Cassie grew up on a small, family-owned farm and ranch outside of Dwight, Kansas. As Cassie puts it she “grew up in the kind of town where most people slow down for the railroad tracks and keep going. But, I always knew I loved the small community and country way of life; it just took me a bit to figure out the perfect way to come back, and this opportunity has been nothing less than perfect.”

“My path to agricultural communications and communication research was an interesting one,” Cassie said. She completed a bachelor of fine arts and minor in mass communications in 2012 at Kansas State University. “At that time, I really thought I would pursue a career in event planning and community outreach or education in an art museum. The economy and fate decided differently.”

Facing the fallout of the Great Recession, Cassie knew she needed to find a more stable industry and returned to her roots in agriculture taking a position as a staff writer and communications assistant for Mid Kansas Cooperative Association, headquartered in Moundridge, Kansas.

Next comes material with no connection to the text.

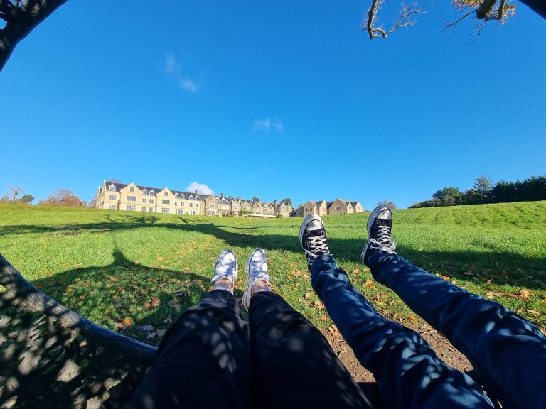 South Lodge Hotel and Spa is surrounded by a whopping 92 acres of Sussex countryside. Its grounds include a hidden rockery, wildflower meadow, natural swimming pond, and their very own vineyard. All of this is yours to explore at your leisure, with a map of the many paths you can take throughout the gardens. A sumptuously large swinging chair hangs from a tree in the gardens. We could sit here all day watching the world go by. There is an incredible peacefulness at South Lodge Hotel.
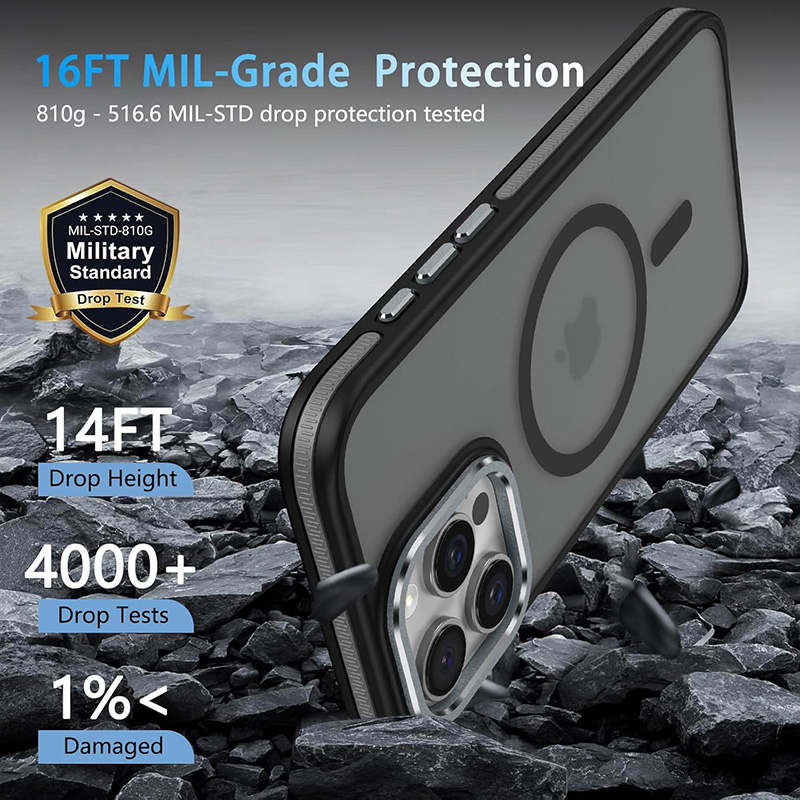 Калъфът е проектиран с ударопоглъщащи материали и 360° въздушни възглавници, които защитават всички ъгли на телефона. Тестван е за устойчивост при падане от височина до около 4.2 метра, което го поставя в категорията „military-grade“ защита. Повдигнатите ръбове около камерата и дисплея намаляват риска от надраскване и директен контакт с повърхности.

“I was doing the exact type of work I knew I wanted to do, just not in the field I thought I would be,” she remarked. “I learned an important lesson from that experience though – it finally clicked with me that I belonged in an agricultural field.”

After working for two years in agricultural communications and sales, Cassie returned to K-State to pursue a master’s degree in agricultural communication. “It was during my master’s program that I fell in love with research.”

Cassie pursued that passion after graduation, accepting a position with the Public Issues Education Center at the University of Florida in Gainesville. “I was familiar with PIE Center research from past conferences and knew I could develop my research and communications skills even further with their resources and guidance,” Cassie said.

“While I learned a lot in my time at the PIE Center, Kansas kept calling me home,” Cassie said. “CREE was really gaining traction when I was in grad school, and I had always been interested in new-media technology research. Plus, I knew my dad would appreciate having his best farm hand back!”

“The opportunity to be a part of combining research knowledge and new-media technology into a single source for rural, agricultural enterprises is absolutely my dream job,” Cassie said. “I understand first-hand the risks involved in an agricultural business and have the upmost respect for anyone that dedicates their life and everything they have to it.”

“It is my hope that we can make a true impact for Kansas agriculture and rural communities, and beyond, through the use of new-media technology and research to engage with audiences previously inaccessible to us.”